Backing Up A Linux Directory To The Cloud

We use Amazon S3 to backup a myriad of directories and data dumps from our local development and public live servers.  The storage is cheap, easily accessible, and is in a remote third party location with decent resilience.  The storage is secure unless you share your bucket information and key files with a third party.

In this article we explore the task of backing up a Linux directory via the command line to an S3 bucket.   This article assumes you’ve signed up for Amazon Web Services (AWS) and have S3 capabilities enabled on your account.  That can all be done via the simple web interface at Amazon.

Step 1 : Get s3tools Installed

The easiest way to interface with Amazon from the command line is to install the open source s3tools application toolkit from the web.  You can get the toolkit from http://www.s3tools.org/.  If you are on a Redhat based distribution you can create the yum repo file and simply to a yum install.  For all other distributions you’ll need to fetch and build from source (actually running python setup.py install) after you download.

Once you have s3cmd installed you will need to configure it.  Run the following command (not you will need your access key and secret key from your Amazon AWS account):
s3cmd --configure

Step 2 : Create A Simple Backup Script

Go to the directory you wish to backup and create the following script named backthisup.sh:

#!/bin/sh
SITENAME='mysite'
# Create a tarzip of the directory
echo 'Making tarzip of this directory...'
tar cvz --exclude backup.tgz -f backup.tgz ./*
# Make the s3 bucket (ignored if already there)
echo 'Create bucket if it is not there...'
s3cmd mb s3://backup.$SITENAME
# Put that tarzip we just made on s3
echo 'Storing files on s3...'
s3cmd put backup.tgz s3://backup.$SITENAME

Note that this is a simple backup script.  It tarzips the current directory and then pushes it to the s3 bucket.  This is good for a quick backup but not the best solution for ongoing repeated backups.  The reason is that most of the time you will want to perform a differential backup, only putting the stuff that is changed or newly created into the s3 bucket.

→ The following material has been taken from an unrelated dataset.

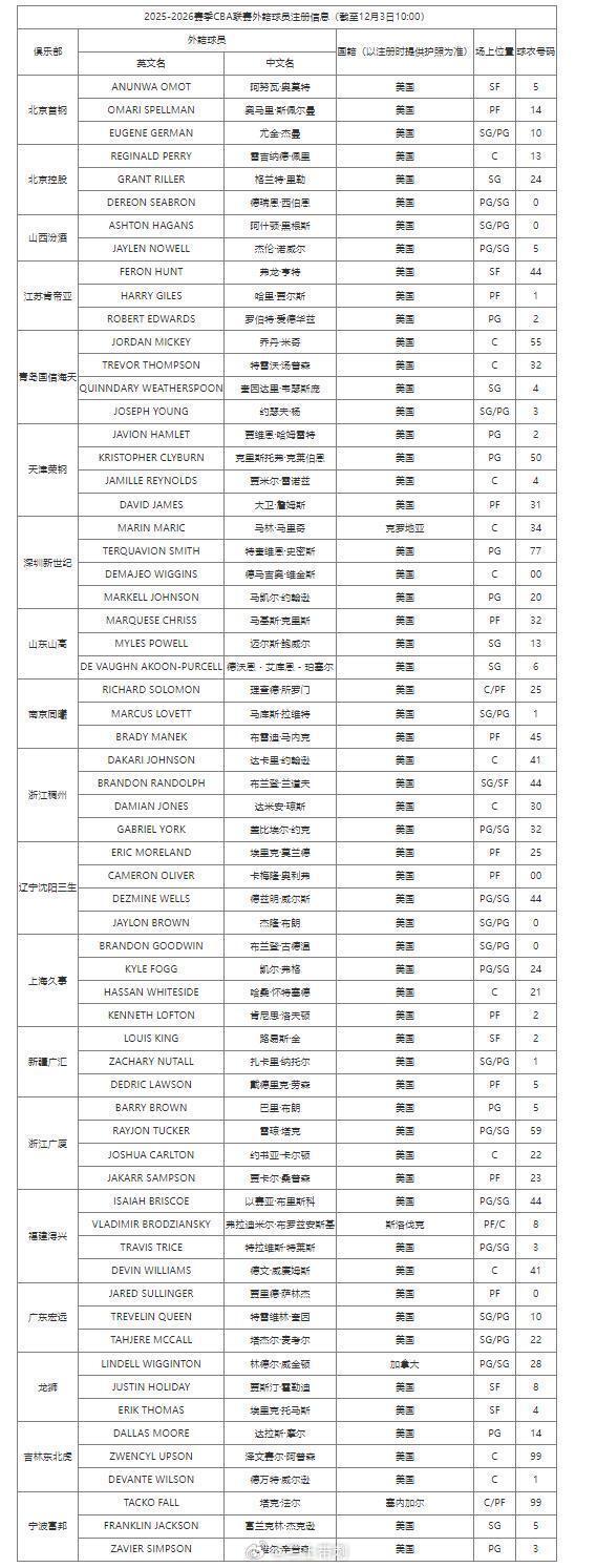 北京时间12月3日,CBA俱乐部杯将在本日拉开帷幕,CBA官方公布了各队外援注册情况,辽宁、上海等8队均是注册四外援,广东、北京等10队是注册3外援等,山西注册双外援,仅有欠薪的四川全华班未注册外援。
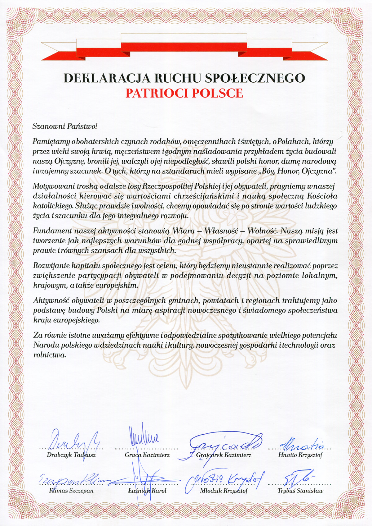Motywowani troską o dalsze losy Rzeczypospolitej Polskie i jej obywateli pragniemy w naszej działalności kierować się wartościami chrześcijańskimi i nauką społeczną Kościoła katolickiego. Służąc prawdzie i wolności chcemy opowiadać się po stronie wartości ludzkiego życia i szacunku dla jego integralnego rozwoju.

AWS charges you for every put and get operation and for bandwidth.  Granted the fees are low, but every penny counts.

Next Steps : Differential Backups

If you don’t want to always push all your files to the server every time you run the script you can do a differential backup.   This is easily accomplished with S3Tools by using the sync instead of the push command.   We leave that to a future article.